For us, #SecondhandSeptember ought to trigger deeper conversations. “The uncomfortable truth is that all of us,” Serumaga shared, “are likely benefiting from someone’s exploitation in such a deep-rooted way that our existence looks like it will crumble immediately when we recognise it. Phones, computers, clothes, our coffee. But it won’t. What acknowledging the truth actually does is create space for us to rethink what consumption, waste, and businesses can look like.”
Beyond secondhand outfit pics
#SecondhandSeptember now looks like “largely white faces, bodies, women and locations,” Serumaga said. “I love that folks have taken responsibility for their consumption, but we need to centre other voices, lives and experiences.”

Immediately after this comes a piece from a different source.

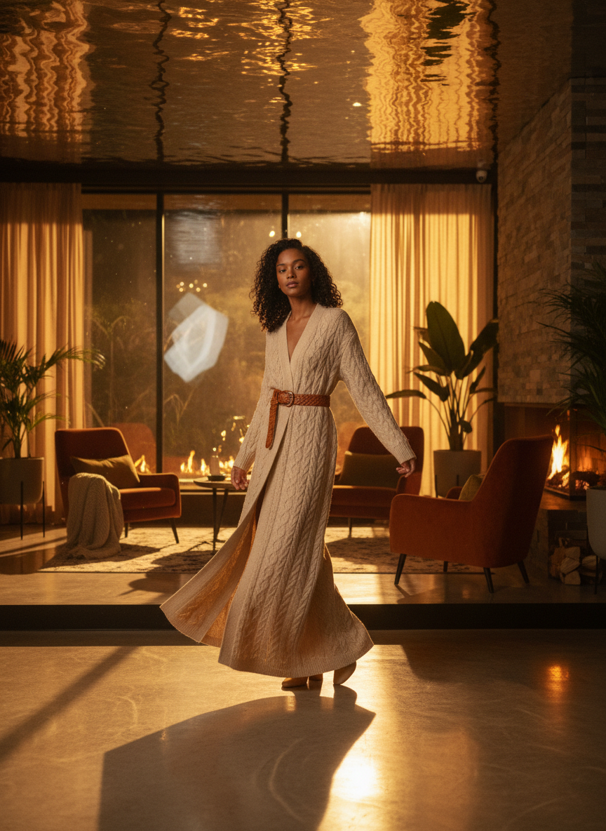 A knitted sweater dress is the easiest way to look cute with zero effort. Choose a midi length dress in a deep burgundy or olive green color. Pair it with black knee-high boots to keep your legs warm and add some drama. You can belt the waist if you want to show off your shape. It is one of the best 15 Trendy Black Girl Winter Outfit Ideas to Try in 2025–2026 for date night.

Which is another way of saying: fewer outfit snaps, more talk about the truth behind #SecondhandSeptember. Ricketts echoed these sentiments. She shared that she’s “not interested in cancelling the campaign”. “I want to add to it. Let’s talk about how sustainability isn’t the same across the Global North and the Global South.” Rather than buying and creating more secondhand outfits. “Basically, what we have now is people consuming secondhand in the same way they consume firsthand. These million-dollar resale platforms are doing good work. But why are they making more shopping convenient? Why does that continue to be the priority?”
We can still appreciate secondhand clothing, and keeping clothing in the loop. But we can add nuance to that. We can talk about how the globalised secondhand clothing trade is killing our planet. And how it’s killing communities together with it. #SecondhandSeptember should go beyond telling clothing stories… to telling stories of how there’s too much clothing washing up on other’s shores, and consequently, entrenching injustice. “The real opportunity here is being more than a consumer, and more than a participant in the economy,” Ricketts shared.
We need to be sitting with each other and with the uncomfortable truth, so we can work our way towards a collective solution.